Archit
We are using yarn-cluster mode , and calling spark via Client class
directly from servlet server. It works fine.
To establish a communication channel to give further requests,
It should be possible with yarn client, but not with yarn server. Yarn
client mode, spark driver is outside the yarn cluster; so it can issue more
commands. In yarn cluster, all programs including spark driver is running
inside the yarn cluster. There is no communication channel with the client
until the job finishes.
If you job is to keep spark context alive, and wait for other commands, then
this should wait forever.
I am actually working on some improvements on this and experiment in our
product, I will create PRs when I feel conformable with the solution
1) change Client API to allow the caller to know yarn app resource capacity
before passing arguments
2) add YarnApplicationListener to the Client
3) provide communication channel between application and spark Yarn client in
cluster.
The #1) is not directly related to the communication discussed here
#2) allows the application to have application life cycle call back as to app
start end in progress failure etc with yarn resources allocations
I changed #1 and #2 in forked spark, and it's worked well in cdh5, and I am
testing against 2.0.5-alpha as well.
For #3) I did not change in spark currently, as I am not sure the best approach
yet.

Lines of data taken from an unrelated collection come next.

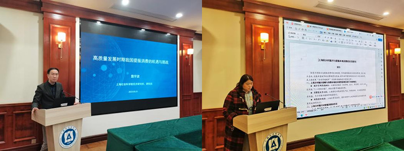专题交流环节,农工党社科院支部委员、经济所詹宇波研究员围绕“高质量发展时期我国提振消费的机遇与挑战”作专题报告,从宏观视角切入,围绕产业结构升级与转型、城镇化进程、人口结构变迁等关键领域,深入分析我国当前提振消费所面临的机遇与挑战,为推动消费增长提供了深刻见解和政策启示。农工党党员、经济所郭岚副研究员作了题为“乡村振兴与提振消费”的报告,围绕上海乡村振兴与消费市场的互动机制展开深入探讨,结合案例提出构建“产业升级—场景创新—消费反哺”的良性循环。与会人员围绕消费议题进行了充分热烈的互动讨论。
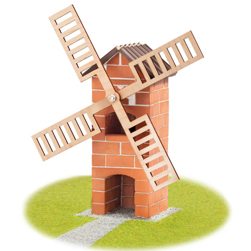 Un moulin à vent à construire soi-même avec des vrais briques et du vrai ciment.
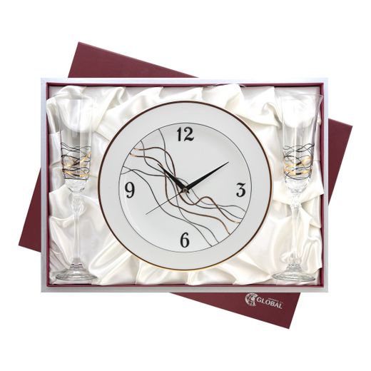 Estuche Cristal GA4258 (2) Copas Decorados A Mano + Reloj Pared
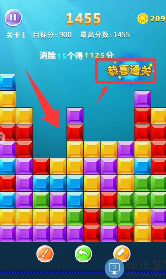 3、恭喜你过关了,现在把剩余的方块消灭掉吧。

I put the change in the application runner which launch the spark yarn
client in the cluster.
The runner in yarn cluster get applications host and port information from the
passed configuration (args), then creates an Akka actor using spark context
actor system, send a hand shake message to the caller outside the cluster,
after that you will have a two way communications
With this approach, I can send spark listener call backs to the app, error
messages, app level messages etc.
The runner inside the cluster can also receive requests from outside cluster
such as stop.
We are not sure Akka approach is the best, so I am still experimenting it. So
far it does what we wants .
Hope this helps
Chester
Sent from my iPhone
> On Aug 29, 2014, at 2:36 AM, Archit Thakur wrote:
>
> including u...@spark.apache.org.
>
>
>> On Fri, Aug 29, 2014 at 2:03 PM, Archit Thakur
>> wrote:
>> Hi,
>>
>> My requirement is to run Spark on Yarn without using the script spark-submit.
>>
>> I have a servlet and a tomcat server. As and when request comes, it creates
>> a new SC and keeps it alive for the further requests, I ma setting my master
>> in sparkConf
>>
>> as sparkConf.setMaster("yarn-cluster")
>>
>> but the request is stuck indefinitely.
>>
>> This works when I set
>> sparkConf.setMaster("yarn-client")
>>
>> I am not sure, why is it not launching job in yarn-cluster mode.
>>
>> Any thoughts?
>>
>> Thanks and Regards,
>> Archit Thakur.
>